The real question in cases such as the present must necessarily become whether the various requirements for creation of a security interest have been completed and not whether the requirements have been completed in any particular order.
For example, two parties could enter into a security agreement that contained a proper description of the collateral and a valid signature of the debtor, value could have been given, but, if the debtor had no rights in the collateral there would be no security interest until such rights were acquired. As stated in Illinois Revised Statutes, Chapter 26, § 9-203(2):
"A security interest attaches when it becomes enforceable against the debtor with respect to the collateral. Attachment occurs as soon as all of the events specified in subsection (1) have taken place unless explicit agreement postpones the time of attaching."

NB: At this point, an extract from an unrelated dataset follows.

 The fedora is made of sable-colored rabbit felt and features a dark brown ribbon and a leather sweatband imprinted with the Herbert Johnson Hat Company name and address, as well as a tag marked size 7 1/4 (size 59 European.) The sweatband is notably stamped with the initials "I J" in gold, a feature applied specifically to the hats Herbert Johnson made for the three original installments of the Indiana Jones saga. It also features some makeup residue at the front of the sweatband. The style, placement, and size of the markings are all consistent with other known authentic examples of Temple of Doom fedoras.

Appellant cites Cheatem v. Cook, 8 Ill. App.3rd 425, 290 N.E.2d 707 (1972), for the proposition that a security agreement must contain a description of the collateral at the time the agreement is signed by the debtor. The language cited by appellant was merely dictum in the case and the facts involved were totally dissimilar to the case at bar.
The issue in Cheatem leading to the discussion of requisites for a security interest was whether the trial court erred in refusing to admit certain evidence which the appellant asserted would tend to establish that an insurance agency acted as defendant Cook's agent in directing a cancellation of his insurance policy. The basis for the trial court's holding was the best evidence rule. The appellate court affirmed the trial court and also discussed the fact that the financing agreement did not, at the time it was signed by Cook, contain the name of the insurance company through which Cook was to be insured.

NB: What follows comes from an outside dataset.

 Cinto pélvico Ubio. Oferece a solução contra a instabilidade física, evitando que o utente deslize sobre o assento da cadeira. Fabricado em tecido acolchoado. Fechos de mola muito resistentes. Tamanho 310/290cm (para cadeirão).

It is important to point out that in Cheatem the Court seemed to be confused in their use of the terms "financing agreement" and "security agreement", which makes the significance of their dictum even more questionable.
Based on the foregoing reasons,
It is hereby ordered that the order entered by the Bankruptcy Judge on November 27, 1974, ordering the Trustee to pay to Harrisburg Production Credit Association certain sums of money, be, and the same is hereby, affirmed.